↓

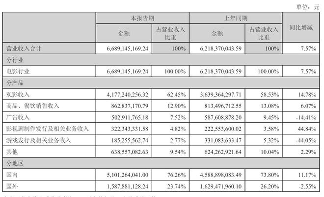 报告期内,公司国内直营影院实现票房42.1亿元(含服务费),同比增长19.2%;商品、餐饮销售收入收入为8.63亿元,较上年同期的8.13亿元增长6%;广告收入为5亿元,较上年同期的5.87亿元下降14.4%;
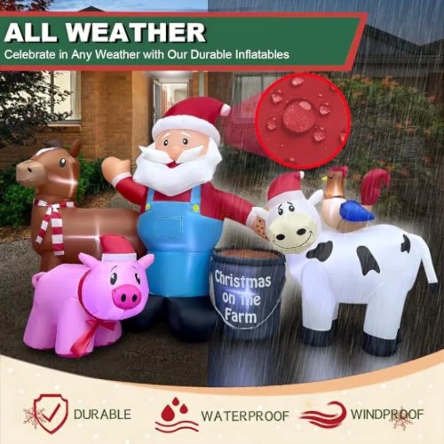 Cheerful Glow: Featuring vibrant LED lights, this inflatable Farm Santa shines brightly at night, adding a warm and joyful ambiance to your Christmas decor. The enchanting glow ensures your yard stands out and delights all who see it, making it perfect for outdoor celebrations
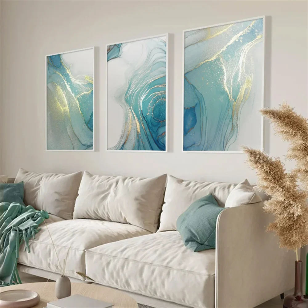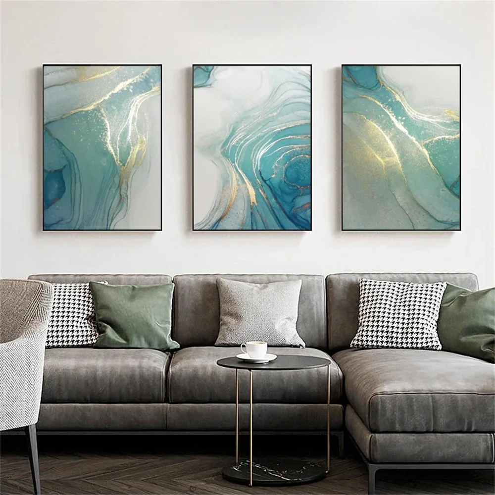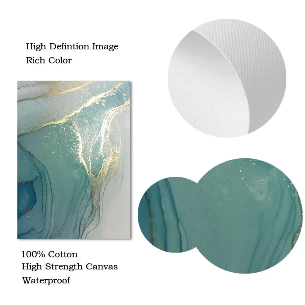 Abstract Wall Art Canvas Painting Prints Nordic Luxe Gilt Picture Turquoise Gold Foil Marble Texture Poster Living Room Decor

↑

* [AIM OF THE EXERCISE] Write the lines out word for word, starting at the one with "Cheerful Glow: Featuring" and stopping after the last line of the material above, with pictures excluded.

* [TASK OUTPUT]
 Cheerful Glow: Featuring vibrant LED lights, this inflatable Farm Santa shines brightly at night, adding a warm and joyful ambiance to your Christmas decor. The enchanting glow ensures your yard stands out and delights all who see it, making it perfect for outdoor celebrations
 Abstract Wall Art Canvas Painting Prints Nordic Luxe Gilt Picture Turquoise Gold Foil Marble Texture Poster Living Room Decor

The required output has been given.